(Dataset items)
+-------+
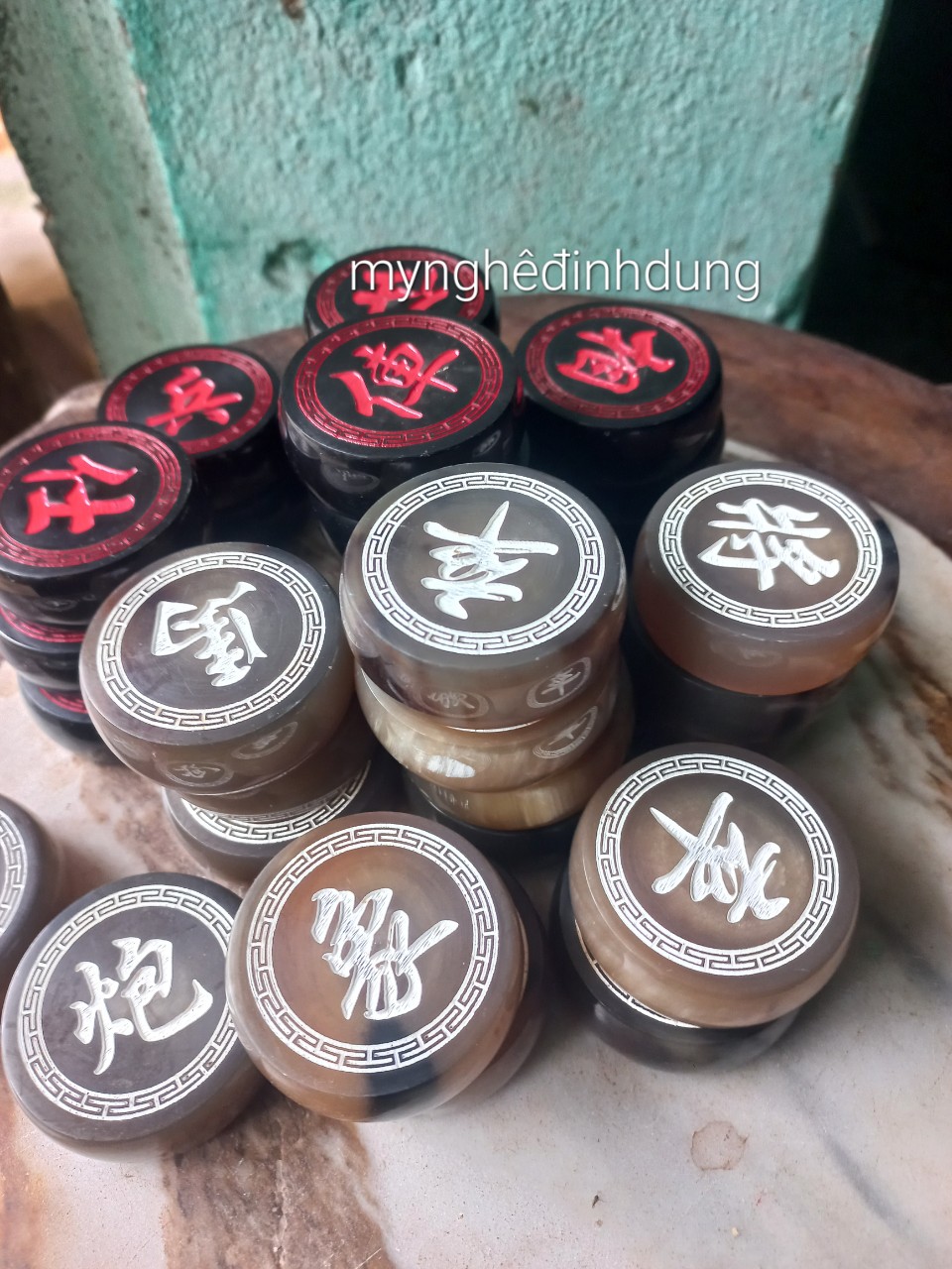 Bộ quân cờ sừng được làm bằng chất liệu sừng trắng ,sừng đen tự tự nhiên 100% Kt mặt tròn 4.0×1.2cm kt mặt tròn 4.3×1.2cm Và có nhiều kích thước khác ,khách muốn được nhắn tin cho nhà bán ,nhà bán phản hồi lại gửi đúng mẫu Quân cờ được chạm khắc 2 mặt vô cùng tỉ mỉ ,tinh xảo kỳ công ,đi hầu hết tất cả mọi chị tiết góc ngách hoa văn ,của quân cờ ,đạt độ chính xác cao .Quân cờ được làm và thiện từ những người thợ giàu kinh nghiệm cũng như tay nghề cao trong làng nghề truyền thống.
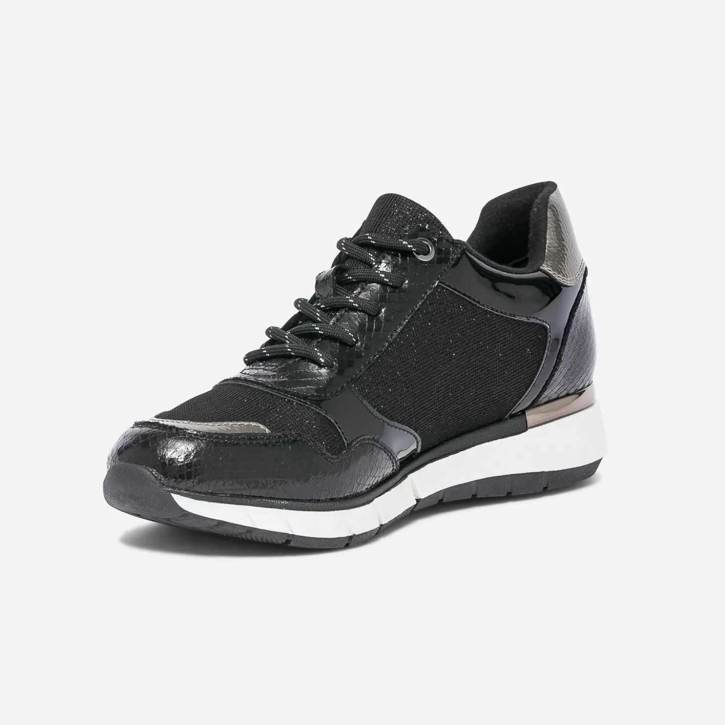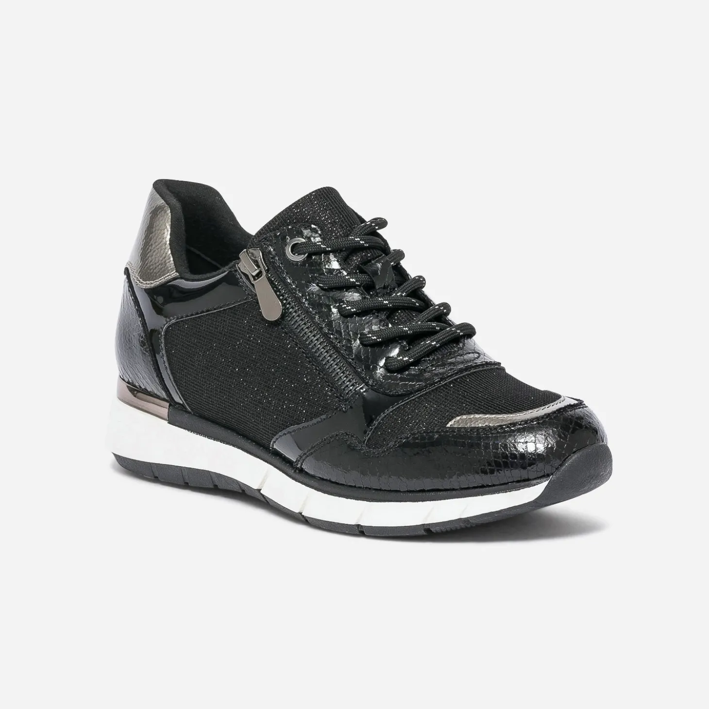 Des paillettes, du verni, du métallisé. 3 bonnes raisons de craquer pour cette tennis pour femme. Noire, elle est twistée de touches bronze sur le bout du pied et le contrefort. Un modèle casual chic, aussi à l’aise avec une tenue sport qu’avec un costume.
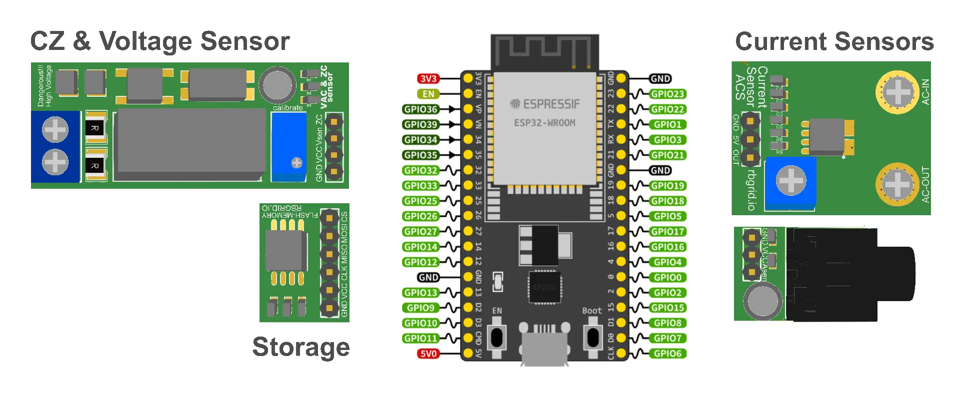 Connect, configure and update sensors and modules with ease: Current sensors SCT-013, ACS-712, Voltage Sensors ZMPT, Zero-Cross sensor.
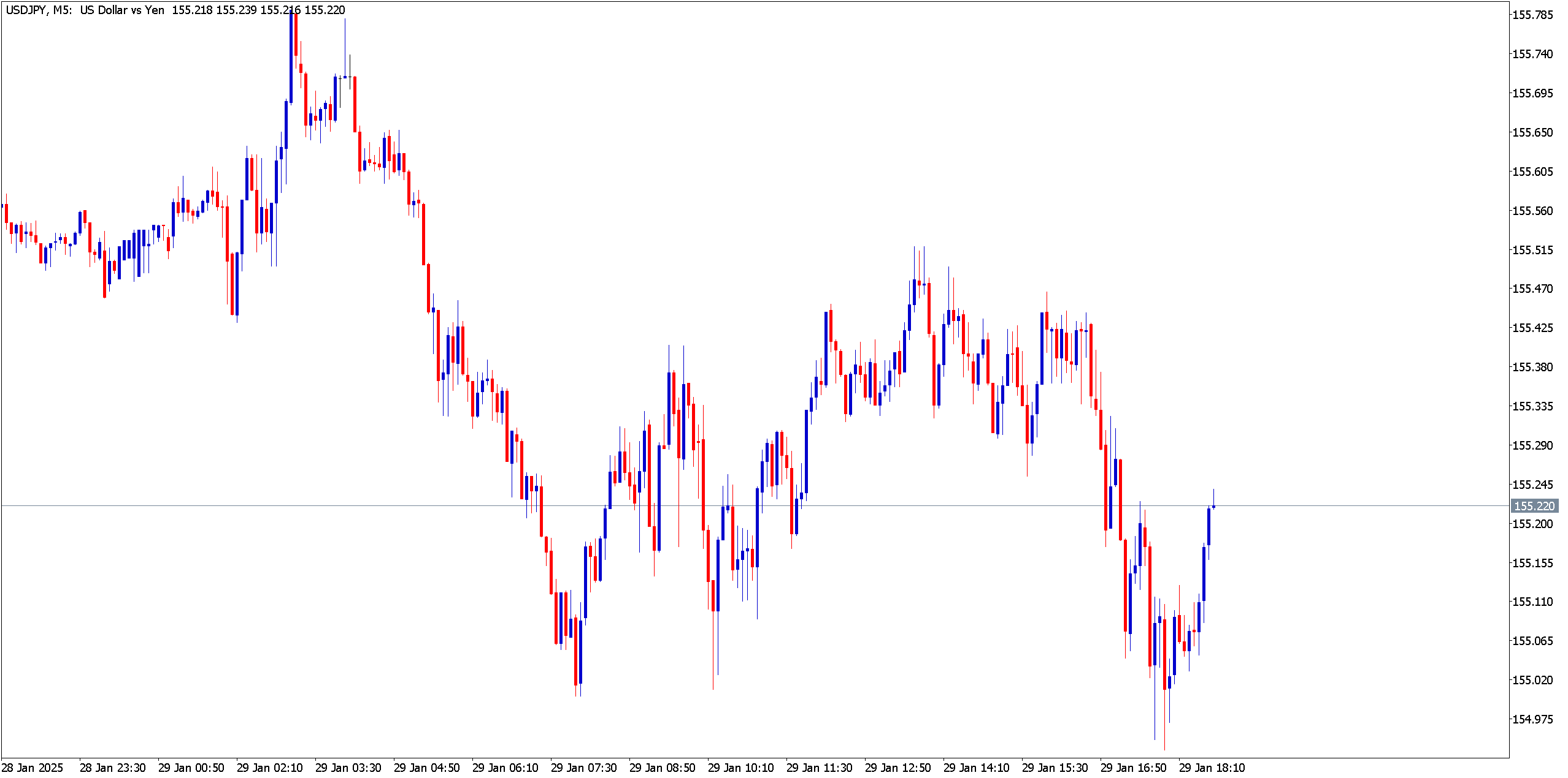 The USD/JPY pair showed choppy movement, currently trading around 155.20 after touching a session low near 154.97. The pair was influenced by Tokyo Core CPI (2.5% YoY) and post-Fed volatility in the dollar.
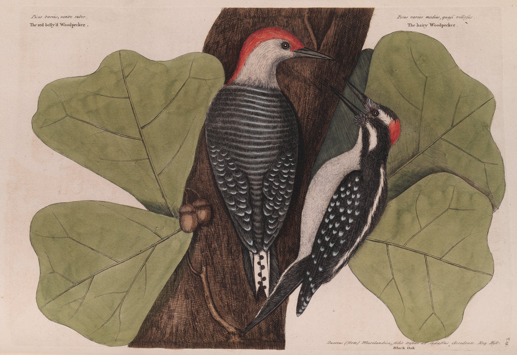 'Picus ventre rubo', the red-bellied wood-pecker, and 'Picus medius quasi villosus', the hairy wood-pecker, perched on the trunk of 'Quercus (forte) marilandica', the black oak (Catesby's identifications; modern scientific names: Melanerpes carolinus, the red-bellied woodpecker; Picoides villosus, the hairy woodpecker; Quercus marilandica, the blackjack oak). Plate 19 from volume I of The natural history of Carolina, Florida and the Bahama Islands, by Mark Catesby (London, 1731). Mark Catesby was elected a Fellow of the Royal Society in 1733.
+-------+
## TASK DETAILS:
Print exactly the lines from the first line of the records above through the line containing "The USD/JPY pair", both included, and leave the pictures out.

## ANSWER SECTION:
 Bộ quân cờ sừng được làm bằng chất liệu sừng trắng ,sừng đen tự tự nhiên 100% Kt mặt tròn 4.0×1.2cm kt mặt tròn 4.3×1.2cm Và có nhiều kích thước khác ,khách muốn được nhắn tin cho nhà bán ,nhà bán phản hồi lại gửi đúng mẫu Quân cờ được chạm khắc 2 mặt vô cùng tỉ mỉ ,tinh xảo kỳ công ,đi hầu hết tất cả mọi chị tiết góc ngách hoa văn ,của quân cờ ,đạt độ chính xác cao .Quân cờ được làm và thiện từ những người thợ giàu kinh nghiệm cũng như tay nghề cao trong làng nghề truyền thống.
 Des paillettes, du verni, du métallisé. 3 bonnes raisons de craquer pour cette tennis pour femme. Noire, elle est twistée de touches bronze sur le bout du pied et le contrefort. Un modèle casual chic, aussi à l’aise avec une tenue sport qu’avec un costume.
 Connect, configure and update sensors and modules with ease: Current sensors SCT-013, ACS-712, Voltage Sensors ZMPT, Zero-Cross sensor.
 The USD/JPY pair showed choppy movement, currently trading around 155.20 after touching a session low near 154.97. The pair was influenced by Tokyo Core CPI (2.5% YoY) and post-Fed volatility in the dollar.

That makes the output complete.